# [TASK INPUT]
=======

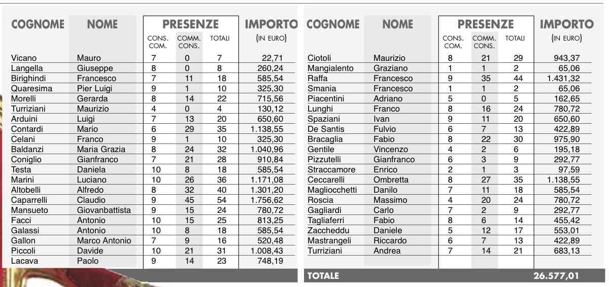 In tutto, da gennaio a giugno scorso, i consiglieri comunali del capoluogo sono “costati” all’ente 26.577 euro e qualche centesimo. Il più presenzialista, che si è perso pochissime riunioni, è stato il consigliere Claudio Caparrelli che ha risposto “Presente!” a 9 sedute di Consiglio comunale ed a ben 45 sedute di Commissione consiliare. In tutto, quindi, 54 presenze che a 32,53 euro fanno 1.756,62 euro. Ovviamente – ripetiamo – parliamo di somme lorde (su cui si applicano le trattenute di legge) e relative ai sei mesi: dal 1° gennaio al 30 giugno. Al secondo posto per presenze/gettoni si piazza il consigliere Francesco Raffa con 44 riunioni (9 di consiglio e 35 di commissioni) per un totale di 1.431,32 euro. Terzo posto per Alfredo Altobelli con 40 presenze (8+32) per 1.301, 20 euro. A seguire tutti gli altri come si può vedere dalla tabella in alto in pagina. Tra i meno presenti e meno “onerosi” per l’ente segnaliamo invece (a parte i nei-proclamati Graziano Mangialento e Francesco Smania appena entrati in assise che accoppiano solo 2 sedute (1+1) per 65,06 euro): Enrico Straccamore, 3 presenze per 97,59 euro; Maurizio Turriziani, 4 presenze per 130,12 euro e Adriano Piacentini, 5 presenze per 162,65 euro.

=======

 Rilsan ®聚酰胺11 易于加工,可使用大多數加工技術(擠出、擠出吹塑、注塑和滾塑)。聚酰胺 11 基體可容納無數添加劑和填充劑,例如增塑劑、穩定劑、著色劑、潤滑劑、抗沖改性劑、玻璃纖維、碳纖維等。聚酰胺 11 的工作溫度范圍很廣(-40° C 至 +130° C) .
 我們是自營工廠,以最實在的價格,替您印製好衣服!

=======

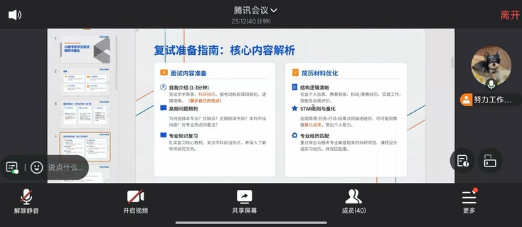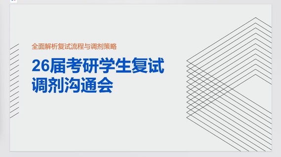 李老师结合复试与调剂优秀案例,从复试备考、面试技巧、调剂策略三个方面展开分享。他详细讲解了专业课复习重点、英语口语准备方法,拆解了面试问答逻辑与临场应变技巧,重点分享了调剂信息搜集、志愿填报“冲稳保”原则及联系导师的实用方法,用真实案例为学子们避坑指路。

=======

Within the data above, the lines from the one with "Rilsan ®聚酰胺11 易于加工,可使用大多數加工技術(擠出、擠出吹塑、注塑和滾塑)。聚酰胺" to the one with "我們是自營工廠,以最實在的價格,替您印製好衣服!" must be repeated exactly; no other line belongs in the answer.

# [RESULT]
 Rilsan ®聚酰胺11 易于加工,可使用大多數加工技術(擠出、擠出吹塑、注塑和滾塑)。聚酰胺 11 基體可容納無數添加劑和填充劑,例如增塑劑、穩定劑、著色劑、潤滑劑、抗沖改性劑、玻璃纖維、碳纖維等。聚酰胺 11 的工作溫度范圍很廣(-40° C 至 +130° C) .
 我們是自營工廠,以最實在的價格,替您印製好衣服!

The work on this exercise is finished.